Jakarta (ANTARA) - Pemohon uji materi Undang-Undang Nomor 23 Tahun 2006 tentang Administrasi Kependudukan (UU Adminduk) di Mahkamah Konstitusi, Taufik Umar, meminta agar informasi agama di kartu tanda penduduk (KTP) dan kartu keluarga (KK) dirahasiakan.

Menurut Taufik, selain kontraproduktif, informasi agama di KTP dan KK memicu diskriminasi hingga kekerasan sehingga bertentangan dengan Pasal 28I ayat (1) dan ayat (4) Undang-Undang Dasar (UUD) Negara Republik Indonesia Tahun 1945.

“Pemohon tidak sedikit pun menyanggah kepentingan, tujuan, dan kemanfaatan data agama untuk keperluan hukum, pelayanan, dan sebagainya tetapi hanya dan hanya memohon agar data agama tidak dicantumkan di KTP dan KK,” kata kuasa hukum pemohon, Santiamer Silalahi, saat sidang perbaikan permohonan di Jakarta, Selasa.

Pemohon menilai data agama warga cukup disimpan dalam chip KTP elektronik tanpa harus ditampilkan.
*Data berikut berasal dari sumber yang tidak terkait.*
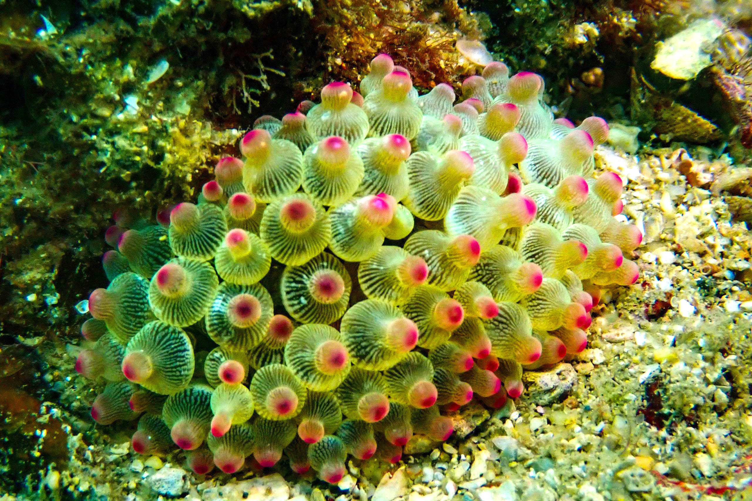 Vùng biển tại đây xa bờ nên nước sạch, xanh trong, hệ sinh thái dưới biển phong phú, nguyên sơ và chưa bị tác động. Đặc biệt, thiên nhiên ưu ái cho nơi đây có rặng san hô lớn, đa sắc màu. Len lỏi trong đó là những loài tôm, cá và thuỷ sinh.
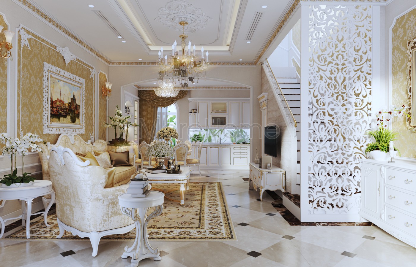 Thiết kế nội thất phòng khách tân cổ điển được kiến trúc sư đầu tư tỉ mỉ về cả đường nét và màu sắc. Các bức tường thô đơn sắc thông thường được thay thế và làm mới bằng thiết kế giấy dán tường ấn tượng. Các hoa văn chìm nhẹ nhàng gợi mở một không gian thiết kế thu hút, tránh cảm giác đơn điệu, nhàm chán từ các bức tường thô đơn giản. Bộ bàn ghế mà kiến trúc sư lựa chọn có tone màu cũng như họa tiết vừa khít, ăn nhập với thiết kế hoa văn trên giấy dán tường, giúp không gian trở nên thống nhất, góp phần định hình thiết kế và phong cách. Các nét trạm khắc nhẹ nhàng trên tay vịn hay bàn gỗ đều trở nên vô cùng cuốn hút. Ngoài ra, các chi tiết trang trí nhỏ khác như thảm trải tràn, tranh treo tường cũng góp phần lớn tăng thêm vẻ đẹp thẩm mỹ cho thiết kế.
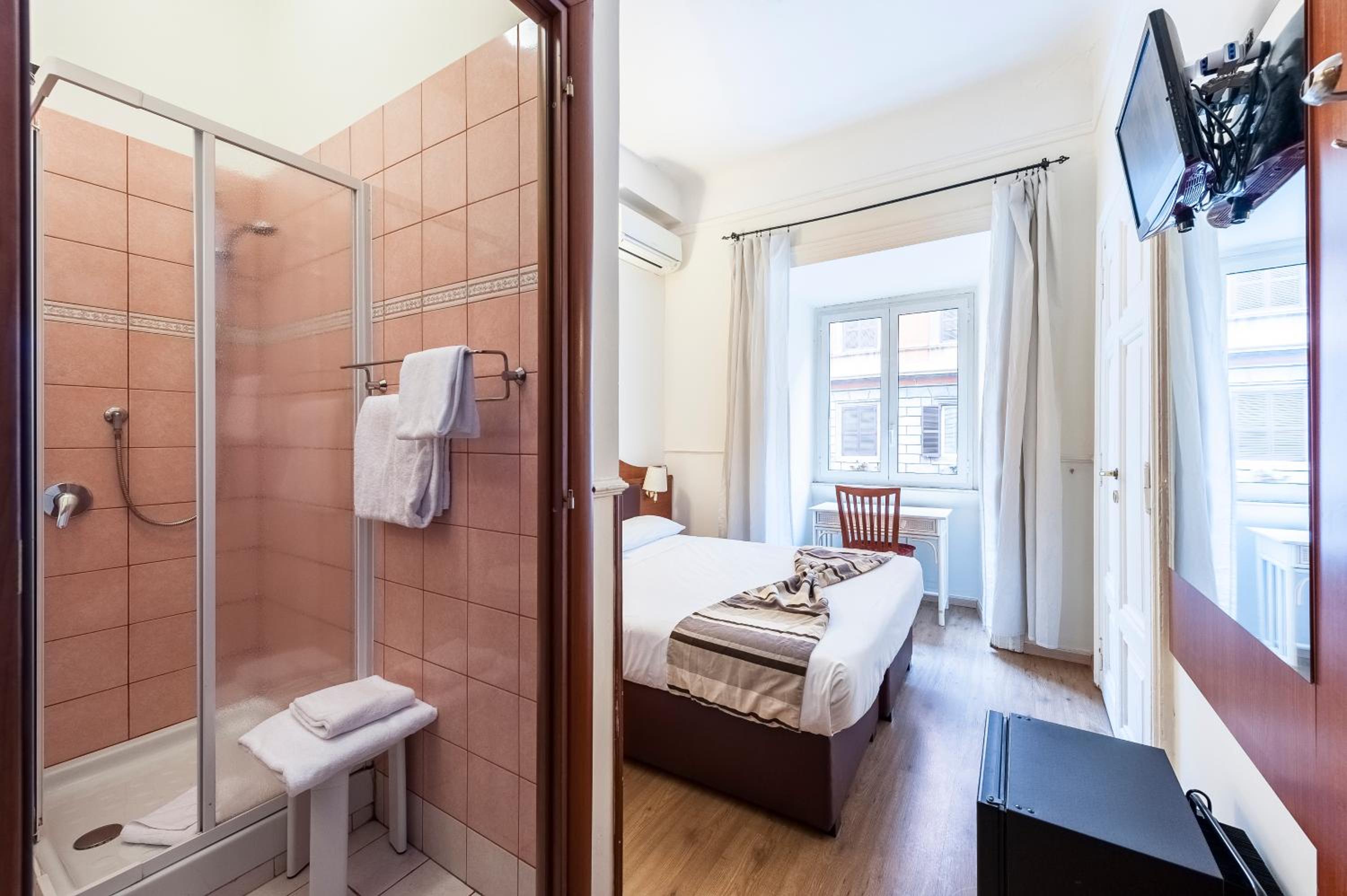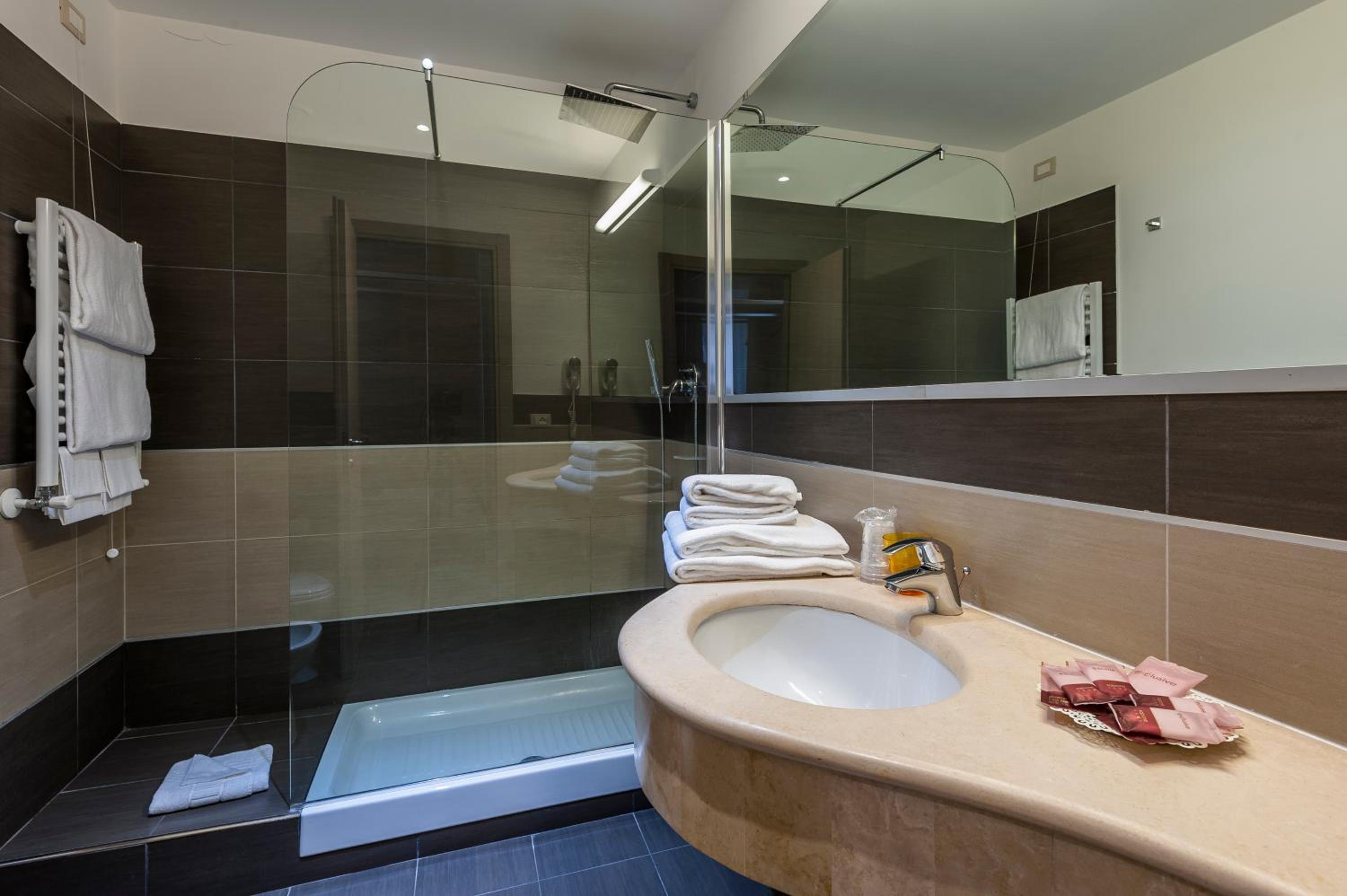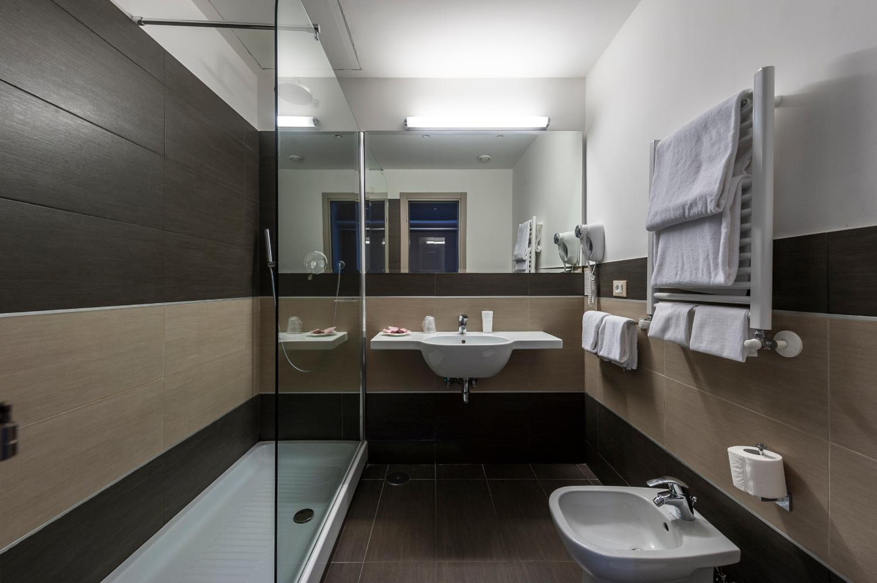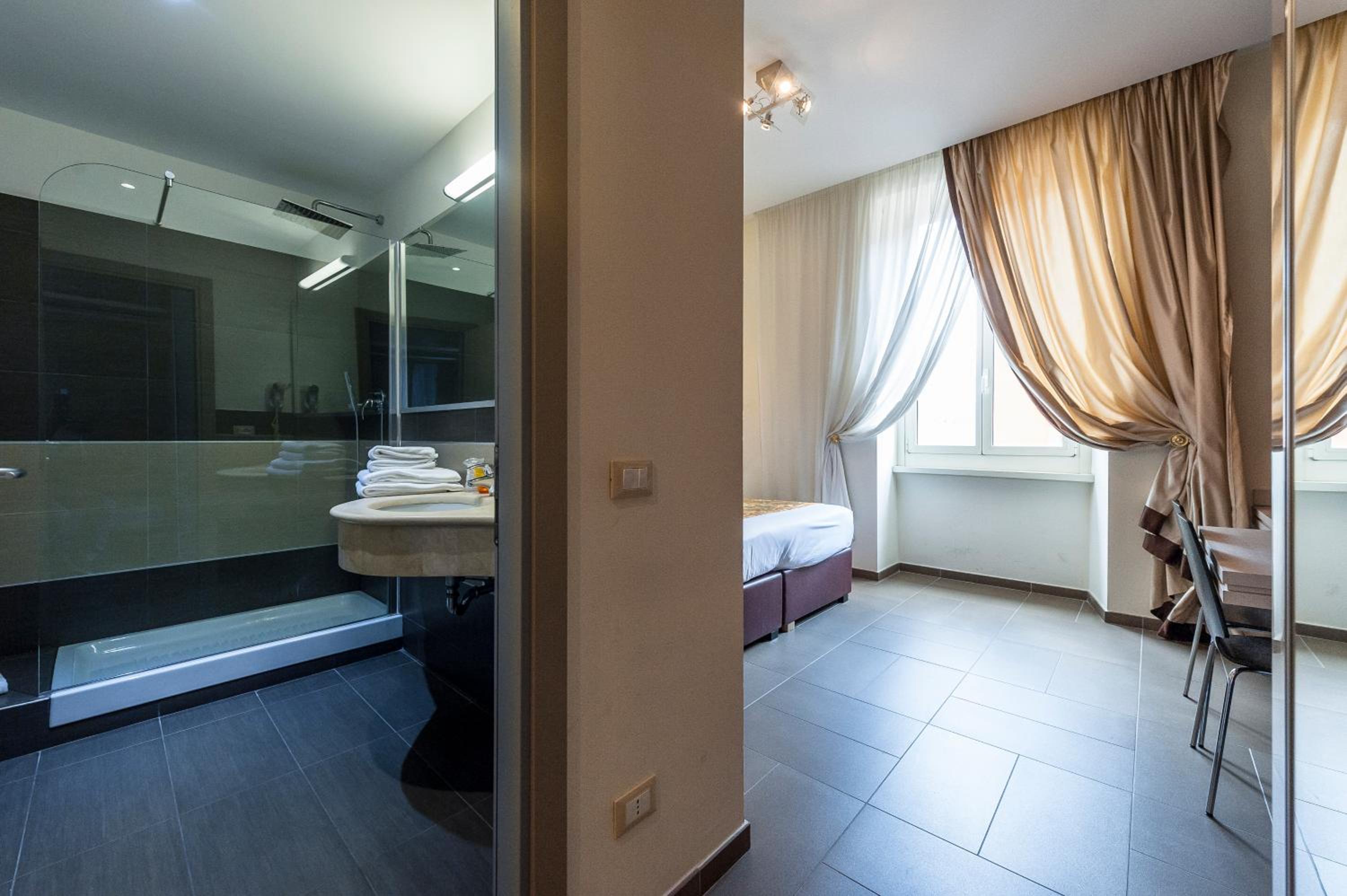 Mucha gentuza por los alrededores, el hotel en si, boh... nada mas entrar, ves como entras en otra dimensión... el hall de la recepción es años 60, una vez te dan la llave de la habitación, vas al ascensor (que este no le cabía más mierda), miras a tu alrededor y esta todo comido de mierda y suciedad... yo estuve alojado con mi pareja en la tercera planta (camera 306) y he de decir que la habitación estaba con luces y sombras, el baño es pequeñito, los sanitarios estaban limpios, pero las esquinas de la ducha estaban llenas de mugre (a la hora de ducharnos, pusimos una toalla en el suelo del asco que nos dio), el extractor del baño estaba llenísimo de mierda y la mampara de la ducha llena de suciedad, a más de esto, no salía el agua caliente, bajamos a la recepción y lo comunicamos, al final, en una hora nos lo arreglaron, papeles pegados con cinta aislante negra puesta de cualquier manera...

Menurut dia, kolom agama sebaiknya diperlukan sebagai data rahasia, seperti iris mata dan sidik jari.

Dengan cara itu, data agama hanya dapat diakses oleh pihak-pihak yang berkepentingan dan memiliki wewenang sesuai tugas dan jabatannya.

Pada persidangan sebelumnya, pemohon mengaku pernah menjadi korban diskriminasi dan hampir menjadi korban pembunuhan dalam peristiwa konflik antarkomunitas agama di Poso, Sulawesi Tengah pada beberapa tahun silam.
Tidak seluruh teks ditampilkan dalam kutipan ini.